We performed a retrospective, multi-centre cohort study involving 2047 recipients to evaluate the effects of post-transplant proteinuria on adverse cardiovascular events, graft failure, and mortality. Patients were classified into two groups according to their levels of proteinuria: patients without proteinuria (<150 mg/day,n= 1113) and proteinuric patients (≥150 mg/day,n= 934). Multivariate Cox hazard model was conducted with using the maximal proteinuria as time-varying covariate.
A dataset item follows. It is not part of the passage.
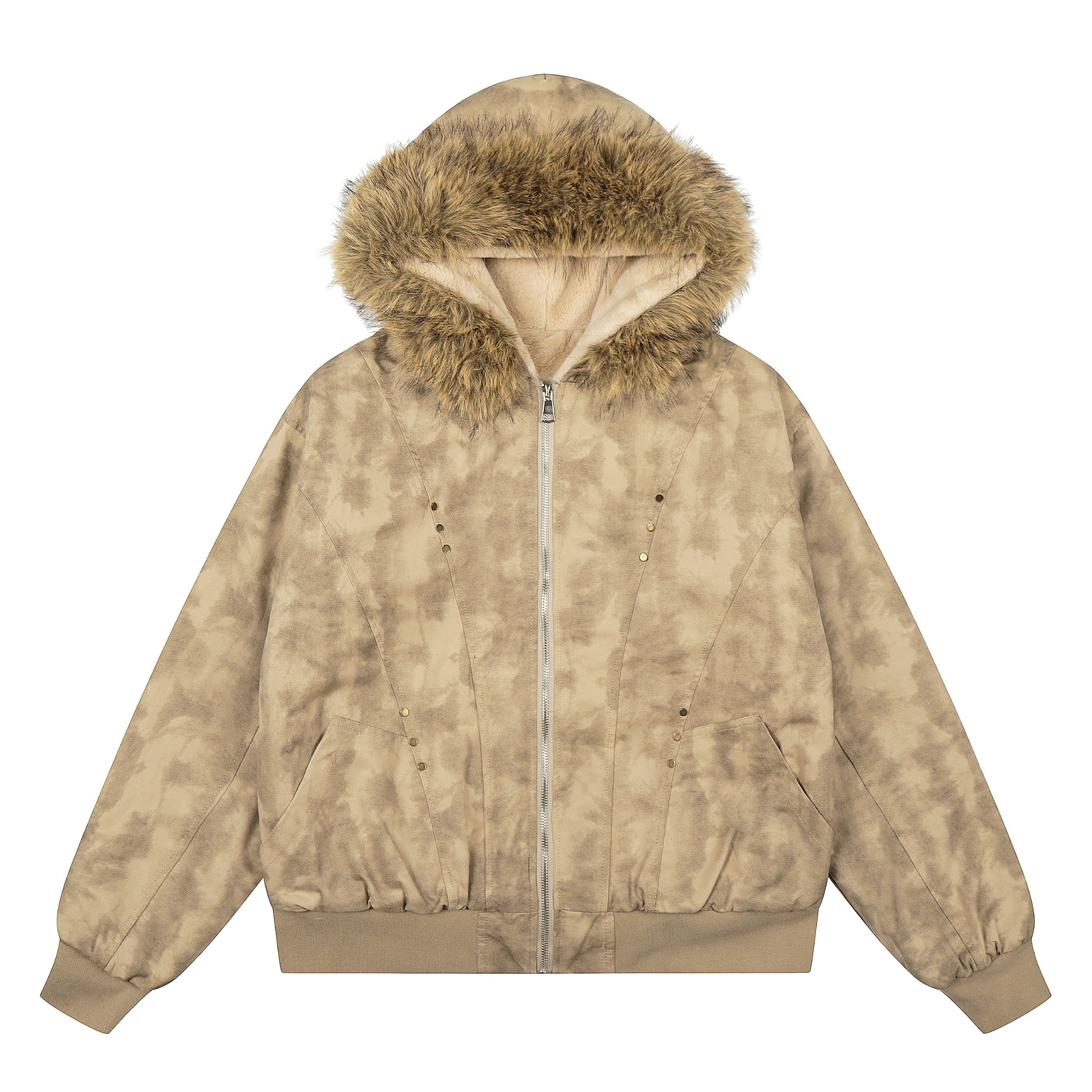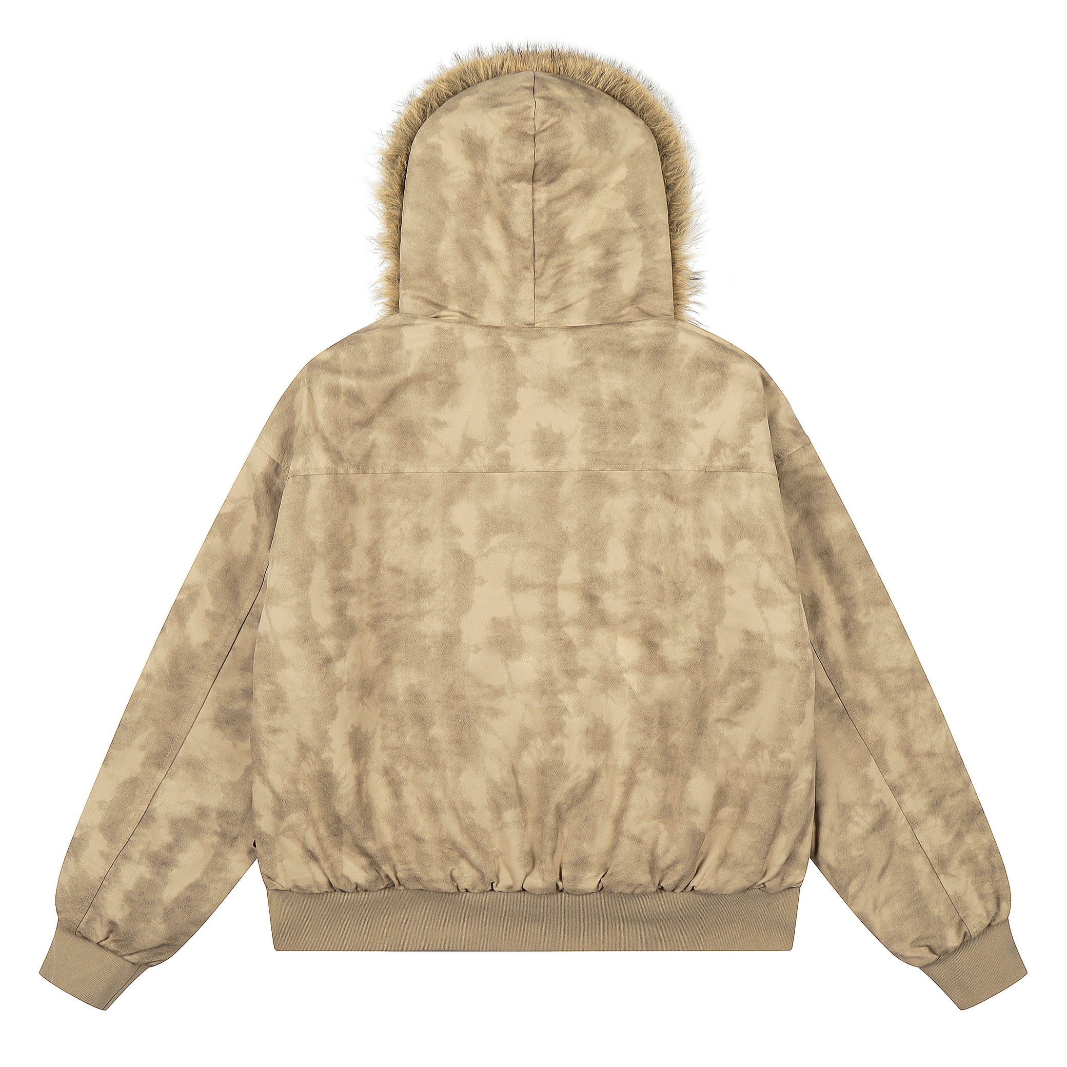 The Omirad Washed Faux Fur Hooded Cotton Jacket brings a vintage-inspired twist to classic street outerwear. Designed in a washed beige tone, it features a detachable faux fur hood trim and subtle distress detailing for a worn-in look. The bomber-style silhouette with elastic cuffs and hem offers structure and comfort, while the full-cotton shell adds a soft yet durable finish. Perfect for layering through colder weather with a relaxed, street-ready edge.

During a median 55.3-month (range, 0.6–167.1) follow-up, there were 50 cases of major adverse cardiac events (cardiac death, nonfatal myocardial infarction, or coronary revascularization), 115 cases of graft failure, and 52 patient deaths. In multivariate Cox regression with time-varying covariate, proteinuric recipients were significantly associated with major adverse cardiac events (hazard ratio [HR] 8.689, 95% confidence interval [CI] 2.929–25.774,P< 0.001) compared to those without proteinuria. Recipients with proteinuria showed significantly higher incidences of acute rejection (23.1% vs. 9.4%,P< 0.001) and graft failure rate (HR 6.910, 95% CI 3.270–14.601,P< 0.001). In addition, mortality rate was also significantly higher in patients with proteinuria (HR 6.815, 95% CI 2.164–21.467,P= 0.001).


Post-transplant proteinuria correlates with adverse cardiovascular events, graft failure, and mortality. Therefore, proteinuria should be evaluated and managed to improve the outcomes of renal recipients.


This paper demonstrates a correlation between the presence of proteinuria and major adverse cardiovascular events, graft failure and death post kidney transplantation.